Please set down the lines of the listing exactly, from its first line to the line with "Nu pas pak je", leaving the pictures out.

_Data provided_
—————

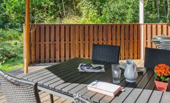 Single-family house, built in 2001. 1.2 km from the sea. Private: natural state property 800 m2. Barbecue. In the house: sauna, washing machine, tumble dryer. Parking at the house. Grocery 2.5 km. The owner does not accept any youth groups. "Emmie" - 1.2km from the sea", 4-room house 100 m2. Object suitable for 8 adults. Living room with TV. 1 room with 1 double bed. 1 room with 1 double bed. 1 room with 2 beds. 1 room with 2 beds. Kitchen (oven, dishwasher, 4 ceramic glass hob hotplates, microwave, freezer). 2 showers/WC, hydro massage bath. Facilities: children's high chair, baby cot. Internet (WiFi). Please note: non-smokers only. 400
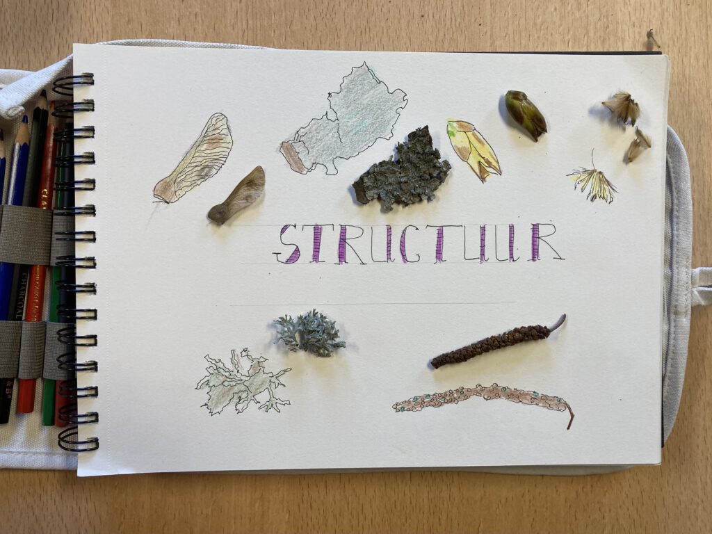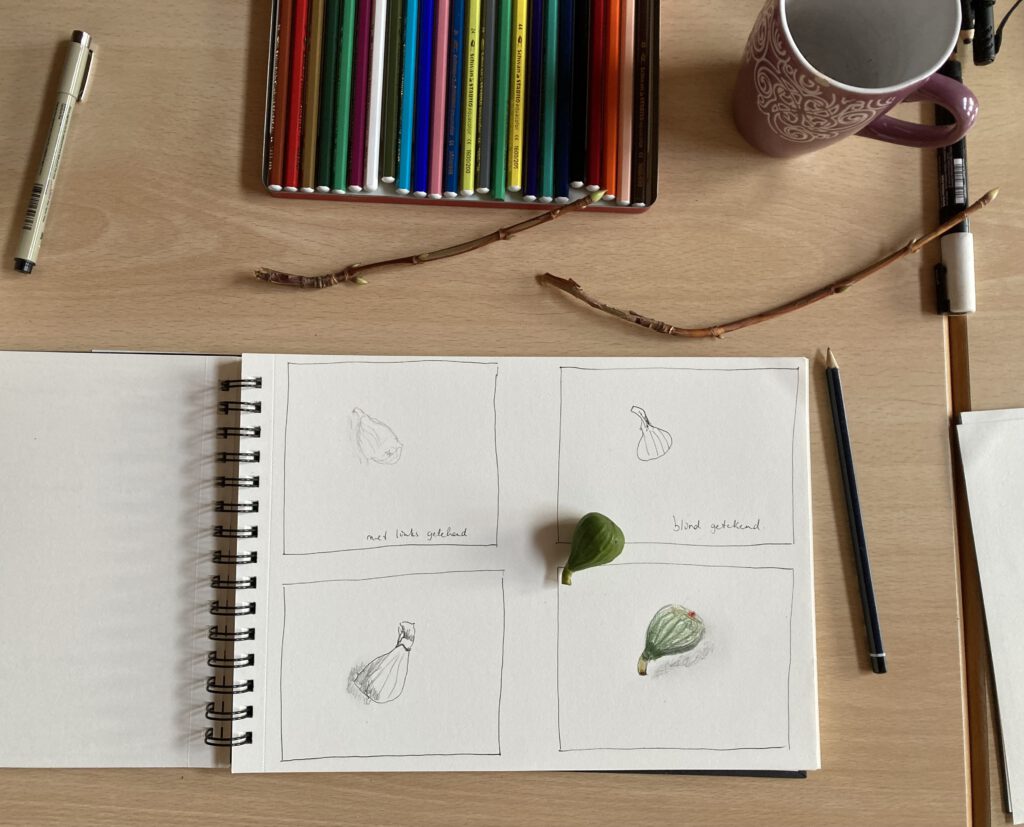 Nu pas pak je je schetsboek erbij. Vind je tekenen (nog) lastig? Begin dan met schrijven! Wat valt je op? Wat vraag je je af? Waar doet het onderwerp je aan denken? Probeer daarna ook wat eenvoudige schetsjes te maken. Leg bijvoorbeeld je blad of bloem op papier en trek de omtrek over. Voeg eventueel wat kleur toe. Blijf goed kijken en houd het eenvoudig.
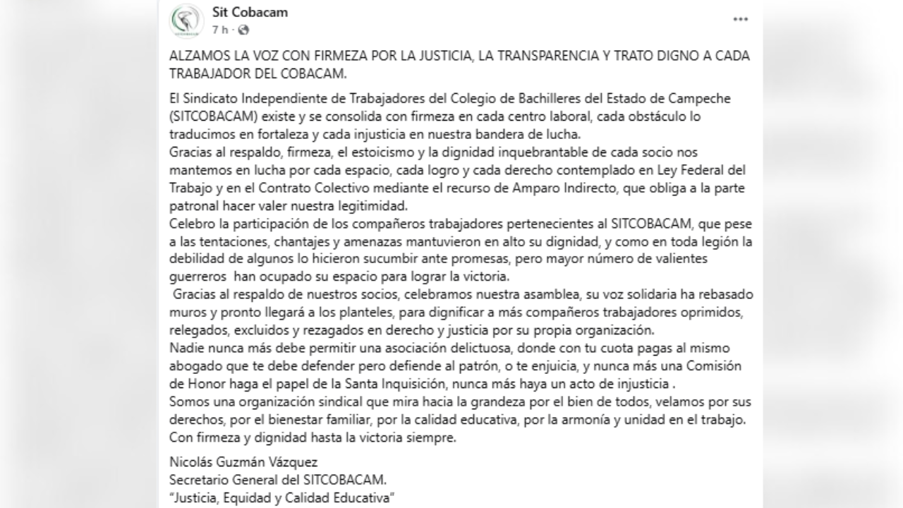 A través de redes sociales, el secretario general de la agrupación, Nicolás Guzmán Vázquez, aseguró que pese a las presiones, chantajes y amenazas, los trabajadores mantienen en alto su dignidad y siguen defendiendo su derecho a la libre asociación sindical.
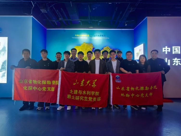 岩土研究生党支部与山东省物化探勘察院地勘中心党支部、化探中心党支部,在山东地矿科技馆联合开展“感知地球脉动,传播科学理念”支部共建暨地质科普志愿服务主题党日活动。三方党支部党员、入党积极分子共20余人参加活动。

—————

_The completed task_
 Single-family house, built in 2001. 1.2 km from the sea. Private: natural state property 800 m2. Barbecue. In the house: sauna, washing machine, tumble dryer. Parking at the house. Grocery 2.5 km. The owner does not accept any youth groups. "Emmie" - 1.2km from the sea", 4-room house 100 m2. Object suitable for 8 adults. Living room with TV. 1 room with 1 double bed. 1 room with 1 double bed. 1 room with 2 beds. 1 room with 2 beds. Kitchen (oven, dishwasher, 4 ceramic glass hob hotplates, microwave, freezer). 2 showers/WC, hydro massage bath. Facilities: children's high chair, baby cot. Internet (WiFi). Please note: non-smokers only. 400
 Nu pas pak je je schetsboek erbij. Vind je tekenen (nog) lastig? Begin dan met schrijven! Wat valt je op? Wat vraag je je af? Waar doet het onderwerp je aan denken? Probeer daarna ook wat eenvoudige schetsjes te maken. Leg bijvoorbeeld je blad of bloem op papier en trek de omtrek over. Voeg eventueel wat kleur toe. Blijf goed kijken en houd het eenvoudig.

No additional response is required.